Movie Review - Frank

Frank (2014)
Starring Domhnall Gleeson, Michael Fassbender, Maggie Gyllenhaal, and Scoot McNairy
Directed by Lenny Abrahamson
***This film is currently streaming on Netflix***

There was something so promising about the quirky (yet not too quirky) and whimsical opening thirty minutes of Frank that I was hoping the inner smiling that was going on in me would continue as I watched director Lenny Abrahamson's film unfold.  That was not to be, however, as the second thirty minutes of Frank felt simply like a rehash of the first thirty minutes (with no real significant changes) thereby causing me to check out of the film as a whole just as it decided to get serious during its final thirty minutes.  Unfortunately, Frank only works a third of the time -- and that just doesn't cut it.

Domhnall Gleeson is Jon, a struggling young artist who wants nothing more than to have a successful career in music.  While walking along the British shores one afternoon, he sees a man attempting to drown himself in the ocean.  The saved man happens to be a keyboard player for the weird alternative band The Soronprfbs and Jon is invited on a whim to join them for the evening and replace the suicidal pianist.  When Jon arrives at the gig, he discovers that the lead singer is a guy named Frank (Michael Fassbender) who wears a large papier-mâché head which he never removes.  While certainly odd, Jon joins the band as they embark on an odyssey of creating their next album.

Gleeson is one of the decade's most promising rising stars for me and he doesn't disappoint here either.  From the very beginning of the film, he exudes a natural charm that makes it impossible not to root for his character.  Taking a more comedic turn than we're used to seeing from him, Michael Fassbender also proves to be compelling as the title character, bringing a surprising amount of heart, humor, and expression to a role that hardly ever allows us to see his facial expressions at all.
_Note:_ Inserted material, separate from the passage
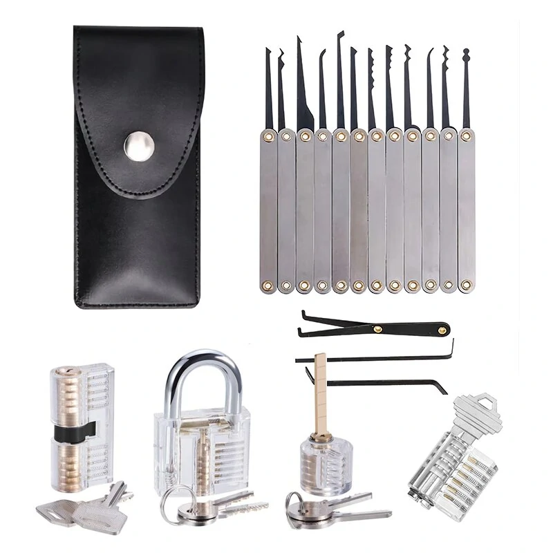 Fonctionnalités:Cadenas de pratique professionnelle : Equipés de quatre cadenas transparents, ces outils offrent une formation optimale pour les serruriers, leur permettant d'observer les mécanismes internes en action.Matériau de haute qualité : Les outils sont fabriqués en acier à ressort durable, ce qui garantit une longévité et une fiabilité lors de leur utilisation.Outils de mise en tablettes de précision : Dix outils de mise en tablettes d'une épaisseur de 0,18 mm sont inclus, conçus pour exploiter les défauts mécaniques et les tolérances dans les conceptions de loquets de certaines marques et modèles de serrures.Shims de serrure pratiques : L'emballage contient des shims de cadenas faciles à utiliser, façonnés en acier à ressort fin. Cette fonctionnalité permet d'ouvrir facilement le cadenas en faisant simplement glisser le shim entre le battant et le corps de la serrure.Compact et portable : Livré avec un sac de rangement, ce qui permet de transporter facilement tous les composants ensemble sans perdre aucune pièce, et de garantir que vos outils sont toujours à portée de main quand vous en avez besoin.Spécifications:Quantité: 19 pièces4 Cadenas Transparentes- Cadenas professionnelle pour la pratique du serrurier économisez plus- Serrure avec chambres ouvertes sur toutes les parties mobiles qui permettent de voir comment cela fonctionne.- Vous pouvez voir clairement comment les goupilles fonctionnent lorsqu'une clé est insérée.- Vous pouvez réellement voir les goupilles

Unfortunately, despite these two rather good performances, Frank flounders as it progresses which is a shame because it starts so very promisingly.

The RyMickey Rating:  C

Monday, September 29, 2014

Movie Review - Non-Stop

Non-Stop (2014)
Starring Liam Neeson, Julianne Moore, Michelle Dockery, Corey Stall, Scoot McNairy, Nate Parker, and Lupita Nyong'o
Directed by Jaume Collet-Serra

As loyal readers are well aware, it took me quite a while to get through 2013 movies this year which admittedly put a crimp in my 2014 movie-watching.  "Let me hold off on 2014 movies until I finish 2013," I'd say.  In the back of my mind, however, I'd look forward to watching things like Non-Stop for the shear inanity of it -- I wanted something without substance to sink my teeth into.  Whether that set up unrealistic expectations for Non-Stop, I don't know, but this Liam Neeson actioner felt like a rehash and conglomeration of every other Liam Neeson picture since his star turn in Taken.

This time, though, Neeson's character federal air marshal Bill Marks is not saving his family, but an entire plane's worth of people as some crazy nutcase attempts to blow up an aircraft over the Atlantic on a non-stop flight from New York to London.  Or is Bill the one who's actually doing the terrorizing?  Someone appears to be setting him up as the terrorist, but is that just a clever cover for Bill to extort money from the US government while holding a plane's worth of people hostage?

The film's twists and turns ultimately just feel like a screenwriting team attempting to contort things just for the sake of movie-making and I found myself growing tired of the script's attempts to pull the rug out from under me.  Neeson's character is interchangeable with any one of his other characters from Taken or Unknown or Taken 2 or even The Grey -- his problem is all his roles as of late simply have "gruff" as a defining characteristic.  It's not that he's ever bad, it's just that he's become so predictable even in better films.

Non-Stop throws in some "I know that person" faces in the form of Downton Abbey's Michelle Dockery, House of Cards' Corey Stall, and Oscar-winner Lupita Nyong'o (who has about three lines and obviously completed this film before 12 Years a Slave was on anyone's radar) as well as the bigger name of Julianne Moore, but none of these people or their characters really add depth to the script -- they just add to a seemingly unending list of red herrings that are thrown our way.